Rose Lamatt married her childhood sweetheart at age twenty, thinking it would cure her fears of insecurity and panic attacks. Instead, her panic attacks became agoraphobia.
Don't Look Forward
Afraid to leave the house Rose Lamatt became a recluse, alone, encapsulated in a bubble of fear, while her husband’s business grew and her children went to school. She led a life unconnected, alone, until someone entered her small world and taught her to live. What happened next was something she never expected. Changes were thrust upon her, whether she wanted them or not. They came, having a life all their own, driven by a force other than hers. Whether they made her happy or not, was not the question. She had to live them, even though she might lose her self. Years later she became a spectator writing this book, watching her life unfold on paper.
Mom’s asked me to go to the store for spaghetti and as I close the door behind me, I feel the cool fresh air. I feel wonderful walking down Marguerite Avenue. It’s so good to be outside. Ready to cross Pelhem Avenue, I look at the hill I went sledding on when I was younger. I see myself lying on my Champion sled, feet in the sled behind me, and ten other kids joined in the train that weaved down the hill. Farther down, always in the same spot, a large puddle has formed from last nights rain. I remember skipping flat rocks across it, and another memory when I threw a rock that hit my best friend in the head. ‘You’ll be all right,’ I told Betty, even though I couldn’t stop the blood running down her face. She ran home. I ran the other way, to Bernie’s candy store. I sat at the counter thinking, what do I do now? I’ll run away, that’s it, when brother Marc came in shaking his finger at me, “Dad’s going to kill you. You better get home now!” He looked at me, “well, aren’t you coming?”
He shook his head, walked out, and hopped on his bike. I sat at the counter thinking where I’d run to. Montana. Cowboy country. Like in the movies, I’d ride my horse into the sunset, be a cowgirl. Time passed, don’t remember how much, but later I walked slowly home, scared. If I’d had a tail, it would have been between my legs.
Dad met me at the door, yelling. Before I could say anything, we were running around the coffee table, me keeping out of his reach. It was summer and windows were open. Betty’s mother came to my rescue. She told my father it wasn’t my fault, that it had been an accident and her daughter was fine after five stitches. Dad looked at me, not saying, ‘You’re off the hook for now’.
Turning onto Hempstead Turnpike, I pass the butcher shop, remembering when Mom sent me for soups bones.

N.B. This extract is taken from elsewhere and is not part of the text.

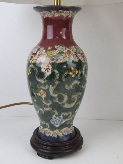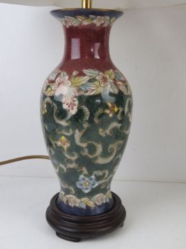 A brass table lamp raised over three outswept legs and having silk shade all standing 47cm high, together with another table lamp in the form of an Oriental vase, 60cm high. Two items, both for rewiring.

The butcher gave me large chunks of bologna to snack on for my walks back home. I pass Bernie’s candy store, where everyone gathered after a day at Elmont Road elementary school. Sitting at the counter I’d watch Bernie make chocolate egg cream sodas for me. He was a nice Jewish man, always asked how I was doing in school and I’d say, good. On the same side of the street is the Drug Store, where Paul and Marc work. The grocer is last on the block, right before Belmont Racetrack, where I peeked through the fence to watch horses exercise. Across the street stands the movie theater where I spent Saturday afternoons, two shows for $.25. On this street I took the bus and subway to New York City for ice skating or go to a museum. I have good memories of Elmont, Long Island.
Entering the grocery store, I’m tired and go straight to the spaghetti isle. Reaching up for a box of number 9, I feel a thump in my chest.
The thump comes again and then again, hard to breathe. What’s wrong? I hold my chest along with the blue box. Why is my heart beating so fast, like running a race. It’s skipping beats, everything’s blurry.
Heading to the check out counter, two women in front of me are chatting with the clerk. One saying how much she likes the new brand of coffee, the other agrees.
Why can’t they hurry up. I’m in trouble. I’m going to pass out. Everything’s spinning. The pounding won’t stop. Am I having a heart attack? Perspiration drips from my head onto my neck.
“Miss? Miss, Is that it?”
The register bell brings me back.
Staring at the clerk, dazed, I answer, “Uh…yes, that’s it.”
I pay him, then stick the change in the pocket of my jeans. I’m suffocating. I hurry outside, breaking into a run—not taking notice of the stores along the way.
Rounding the corner, I see the house. It’s so far. Pounding is in my ears. An image of me sick, back in bed, dying, comes.